Церемония сожжения ведь так красива! Почему же мать плачет и шепчет что-то выдавленным на металле лицам?
Но в этом году о предстоящей церемонии Кип не думал. Не до того. Он столько всего не сделал! Лето на исходе, а список еще не закончен.
— Опять побежишь к своим?
Мать улыбнулась тихо и нежно. В последний день лета она всегда была такая: мягкая, очень молчаливая, и на Кипа не сердилась. Все шалости, все глупости и разбитые чашки ждали осени, и там уже можно было злиться, ругаться и даже кричать. Но только не сегодня.
Плюхнувшись на табуретку, Кип подпрыгнул.
— Ага! Еще три пункта. Вот, смотри.
Он развернул пластинку планшета. Список светился на кухонном столе загадочно, почти волшебно. Пока мать читала, Кип принялся глотать омлет, почти не жуя.
— Ну-ка… — нахмурилась она. — Старый пруд? В воду смотри не суйся.
— Да ты что, — фыркнул Кип. — Мы только посмотреть! И лягушку поймать, если получится. Говорят, там во-о-от такие квакши.
Мать улыбнулась, и глаза у нее заблестели. То ли счастье, то ли страх. Да страх-то откуда?
— И вот еще: карамельная вата. С шоколадным соусом, кокосовой посыпкой и звездочками. Можно? — заканючил Кип.
Мать только вздохнула и выудила из передника две монеты.
— А это? — она указала на последнюю строчку. — Забраться на колокольню.

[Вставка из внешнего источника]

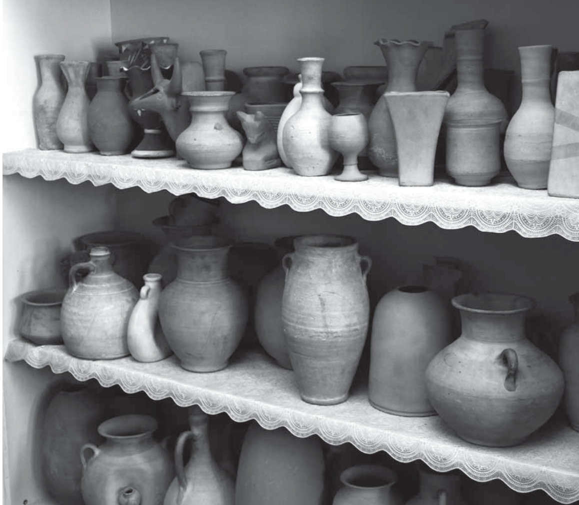
قسمتی از آثار سفالی هنرجویان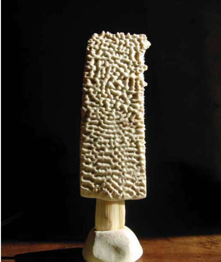
Os de tortue rappelant les formes épurées des divinités cycladiques (lac Turkana)

Parmi les multiples figures d'hommes et de divinités rencontrées au hasard des musées et des ruines, certaines que je voudrais maintenant évoquer m'auront parlé plus fort.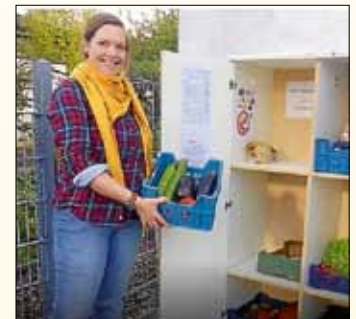
Privatinitiative gegen Lebensmittelverschwendung mit „Fairteilerschrank“ in der Bachstraße. Seit neuestem gibt es ein Reparatur-Café bei der Leobande.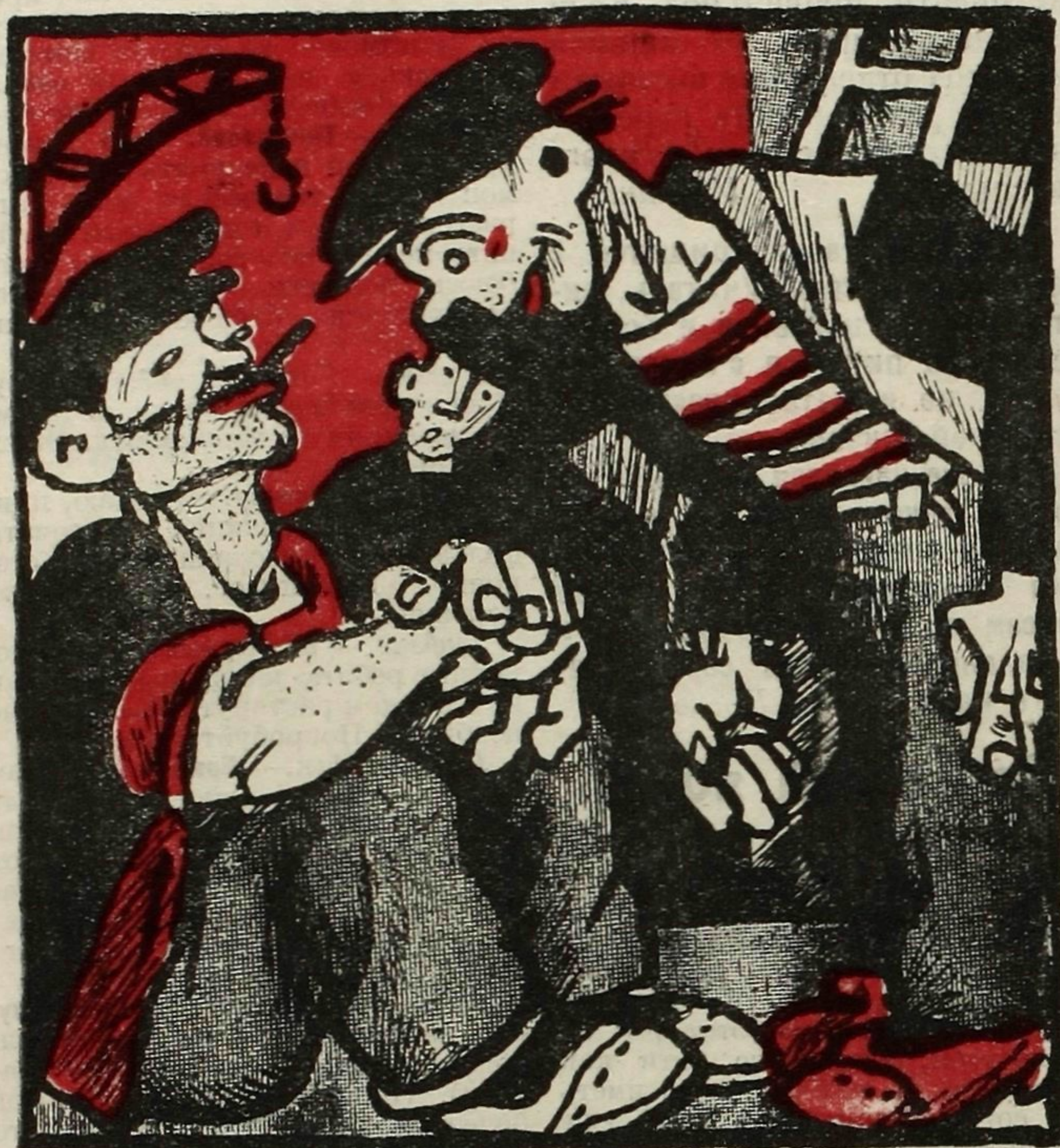
Рис. Ив. Малютина.

— «Почитал-бы «Крокодила», Но достать журнальчик—где?» — «Не смотри на мир уныло: Помогу твоей беде!»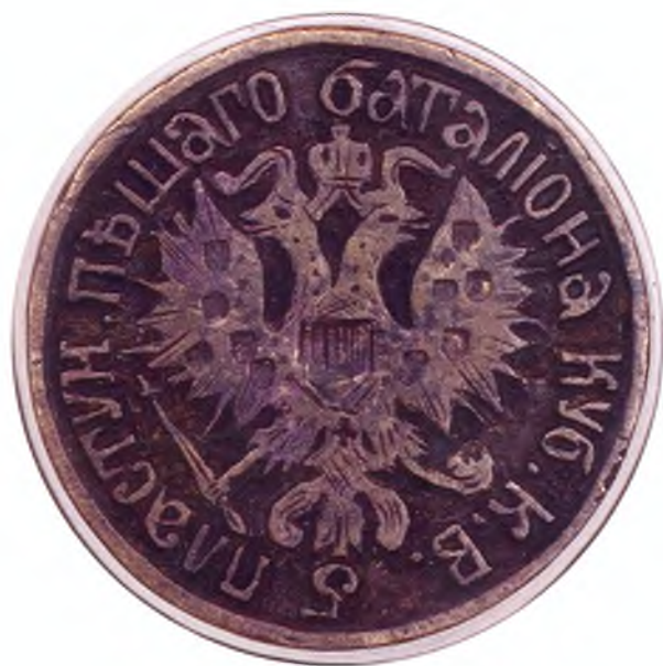
24. Печать 5-го пешего пластунского батальона ККВ.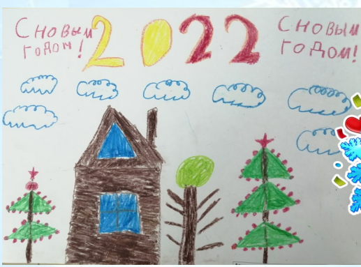
Большанский Руслан, Аристархов Кирилл, 4 "Б" кл.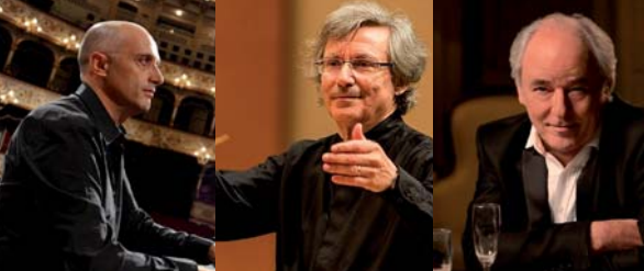
Benedetto Lupo / D.R. Jean-Jacques Kantorow © K.Miura Maxime Le Forestier / D.R.

Ce festival est organisé par l'association des Petites Cités de Caractère de la Vendée. Chaque soir, les artistes se produisent dans le cadre remarquable des six cités dont le patrimoine est tout particulièrement mis en valeur à cette occasion.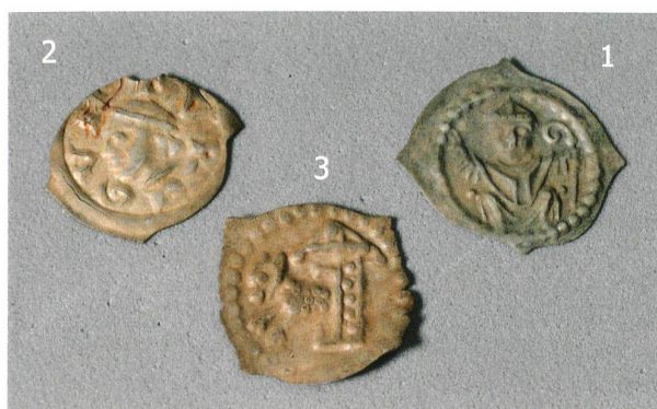
Abb. 16. Lungern OW, Sewli (= Abb. 1,8). Die im Münzensensemble am häufigsten vertretenen Silberpfennige aus dem 13. Jh. (s. auch Abb. 15): 1 Bistum Basel; 2 Fraumünsterabtei Zürich; 3 Stadt Schaffhausen. M ca. 2:1.

vertreten. Diese ungleiche Verteilung – in unserem Fall stellen zwei Typen 110 von mindestens 121 Exemplaren – könnte darauf hindeuten, dass das ganze Ensemble oder Teile davon innerhalb einer kurzen Zeitspanne dem Geldumlauf entnommen wurden.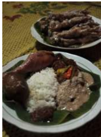
Gambar 3.37 Gudeg Ceker Solo

Kurang rasanya jika memesan gudeg tanpa ceker ayam yang dimasak dengan santan areh, ceker ini sangat lunak dan halus, jadi saat masuk kedalam mulut daging dan tulang akan terlepas secara tersendiri.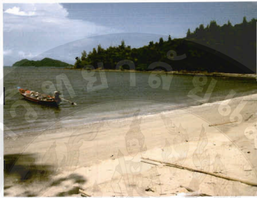
ทัศนียภาพอ่าวโดนด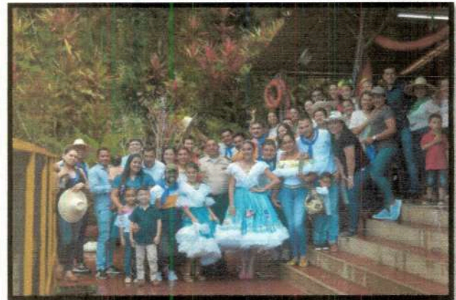
Día de la Familia

Мать сложила руки на груди. Кип прихлебнул какао и вытерся рукавом.
— Совсем маленькая. Коротенькая. Не выше двух домов. И лестница там каменная. Крепкая.
— Каменная? — мать сощурилась. — Это руины, что ли?
Кип закивал.
— Вот что, — сказала она, и улыбка на ее лице растаяла окончательно.
Кип сжался. Ну, все, не разрешит. Даже сегодня. Сегодня! Но летний список — это святое! Лето — это целая жизнь. Не успел свой список за лето — и в жизни ничего не успеешь!
— Поболтайтесь-ка там с ребятами подольше. Раньше полуночи не приходи. Уж лето — так лето.
Она снова улыбнулась. Кип взвизгнул и бросился ее обнимать. Передник пах ванилью, сладкими травами и имбирем, а Кип, прижавшись лицом к животу матери, чувствовал себя самым счастливым мальчишкой на всей земле.
На пруду было влажно и душно: после полудня парило, как будто церемония уже началась. Кип только и делал, что смахивал со лба пот.
— …и платье уже готово. Все готово.
Лицо у Мирны так и светилось. Она сидела на камне, изящно поджав под себя ноги, а Трид устроился рядом, прямо на земле. Не сводил с нее глаз, такой влюбленный болван, что просто тошно. Вихрастый, пухлый, вечно красный — и почему он понравился Мирне? Такого румяного пирожка еще поискать.
— Самой красивой там будешь, — пообещал он Мирне и вздохнул. — Академия, ты ж подумай! Жаль, мне надо на фабрику. Иначе ведь выпрут, а я еще за печенку не выплатил.
Локус, долговязый, как кузнечик, и веснушчатый, как будто солнце выплеснулось на него через сито, сочувственно закивал.
— Я вот легкие в прошлом году менял, до сих пор отдаю.
— У тебя сколько процентов? — спросил Трид.
— Да почти целиком съело. Сначала бронхит, потом еще какая-то дрянь началась…
— Да нет, на займ твой.
— А, ты про это, — Локус повел плечом. — Пятьдесят четыре.
Трид присвистнул.
— Да ничего, вон моей тетке пришлось мозжечок менять, так там все восемьдесят. На сложные операции займы всегда дорогие.
— Значит, у меня ерунда, — протянул Трид. — У меня тридцать восемь.
— Мальчики, — скривилась Мирна. — Давайте-ка без этих ваших анатомических подробностей, ладно? Тошнит уже.
— Тебе хорошо, — завистливо буркнул Локус и пнул камешек. Тот отскочил и плюхнулся прямо в ряску. — Вот стукнет тебе двадцать, начнешь разваливаться, как старуха, тогда и поговорим. Об этих… и об анатомических, и о каких захочешь.
Мирна вскинула подбородок.
— А вот и не начну. А если и начну, то папочка за все заплатит. Никаких ваших дурацких займов.
— Ну вот. Вот, — Локус развел руками. — Говорю же, тебе хорошо.
Трид нахохлился:
— Давай без этого.
Локус выхватил из травы палку и сунул ее в пруд. Вода разошлась вялыми, липкими кругами, в ряска ударилась о берег.
— Нет тут квакш, — безнадежно отозвался Локус.
Кип выпятил губу. Он и сам видел, что никаких лягушек на пруду не осталось — только камыши да паутина с мошками. Но пустырь, который начинался прямо за городом, ему нравился до дрожи. Солдат на воротах то краснел, то бледнел, не понимая, как быть, но, взяв с ребят обещание, что те вернутся еще до заката, все же пропустил. И вот теперь они на свободе, сектора позади, а мать разрешила гулять допоздна. Когда Кип рассказал о таком невиданном деле друзьям, те только присвистнули.
— Ну ты даешь, головастик, — сказал Локус. — Значит, сегодня оттянемся.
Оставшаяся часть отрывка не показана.